Peru's government will allow the extradition to the United States of the prime suspect in the unsolved 2005 disappearance of American student Natalee Holloway on the Dutch Caribbean Island of Aruba, bringing her family hope there will be justice in the case.
Dutch citizen Joran van der Sloot will face trial on extortion and wire fraud charges, stemming from an accusation that he tried to extort the Holloway family after their daughter's disappearance.
Holloway, who lived in suburban Birmingham, Alabama, was 18 when she was last seen during a trip with classmates to Aruba. She vanished after a night with friends at a nightclub, leaving a mystery that sparked years of news coverage and countless true-crime podcasts. She was last seen leaving a bar with van der Sloot, then 18 years old.
Van der Sloot was identified as a suspect and detained, along with two Surinamese brothers, weeks later. Holloway's body was never found, and no charges were filed in the case. A judge later declared Holloway dead.
Years later, van der Sloot was arrested in Peru for the 2010 murder of 21-year-old Stephany Flores, who was killed five years to the day after Holloway's disappearance. Prosecutors accused van der Sloot of killing Flores, a business student from a prominent family, to rob her after learning she had won money at the casino where the two met. They said he killed her with "ferocity" and "cruelty," beating then strangling her in his hotel room. He pleaded guilty in 2012, and is serving 28 years in prison for the murder.
But his extradition to the U.S. stems from an alleged attempt to profit from his connection to the Holloway case. A grand jury in Alabama in 2010 indicted van der Sloot on wire fraud and extortion charges, accusing him of trying to extort hundreds of thousands of dollars from the Holloways.
Prosecutors in the U.S. allege van der Sloot accepted $25,000 in cash from Holloway's family in exchange for a promise to lead them to her body in early 2010, just before he went to Peru.
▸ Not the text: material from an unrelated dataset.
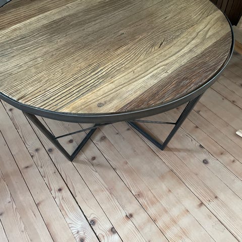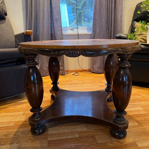 Bordet i tre. Bordet har utskårne detaljer på ben og kant, og en rund bordplate i treverk. Egner seg som, sidebord eller sofabord i stue eller spisestue.

An FBI agent wrote in an affidavit that van der Sloot reached out to Holloway's mother and wanted to be paid $25,000 to disclose the location and then another $225,000 when the remains were recovered. During a recorded sting operation, van der Sloot pointed to a house where he said Holloway was buried but in later emails admitted to lying about the location, the agent said.
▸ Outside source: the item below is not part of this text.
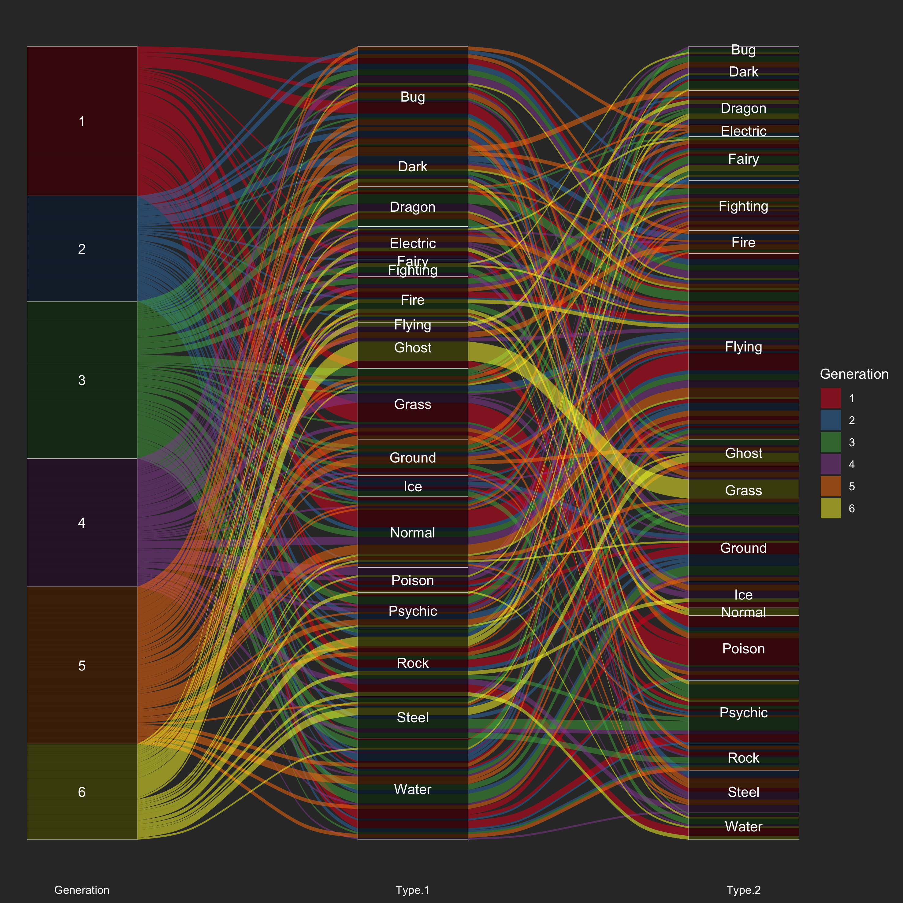 Like TV shows, Pokémon also has multiple seasons due to different versions of the Pokémongames and aminations. It is called "generation" in the Pokémon world. In generation one, the most frequent Pokémons' first types are Bug, Grass, and Normal. In generation six, there are more Ghost, Rock, and Steel.

Peru's Minister of Justice Daniel Maurate said in a statement Wednesday the government decided to "accept the request" from U.S. authorities "for the temporary transfer" of van der Sloot to be prosecuted on extortion and fraud charges. In Peru, all extraditions must be approved by the president.
"We will continue to collaborate on legal issues with allies such as the United States, and many others with which we have extradition treaties," said Edgar Alfredo Rebaza, director of Peru's Office of International Judicial Cooperation and Extraditions of the National Prosecutor's Office.
A 2001 treaty between Peru and the U.S. allows a suspect to be temporarily extradited to face trial in the other country. It requires that the prisoner "be returned" after judicial proceedings are concluded "against that person, in accordance with conditions to be determined by" both countries.
In a statement, the young woman's mother, Beth Holloway, said she was blessed to have Natalee in her life for 18 years.
"She would be 36 years old now. It has been a very long and painful journey, but the persistence of many is going to pay off. Together, we are finally getting justice for Natalee," Beth Holloway said.
Attorney Maximo Altez, who represents van der Sloot, told the AP he will fight the decision once he is properly notified by the Peruvian government.
"I am going to challenge that resolution," Altez said. "I am going to oppose it since he has the right to a defense."
Van der Sloot could not immediately be reached for comment on Wednesday. More than a decade ago, he told a Peruvian judge that he would fight efforts to be extradited to the U.S.
Van der Sloot married a Peruvian woman in July 2014 in a ceremony at a maximum-security prison.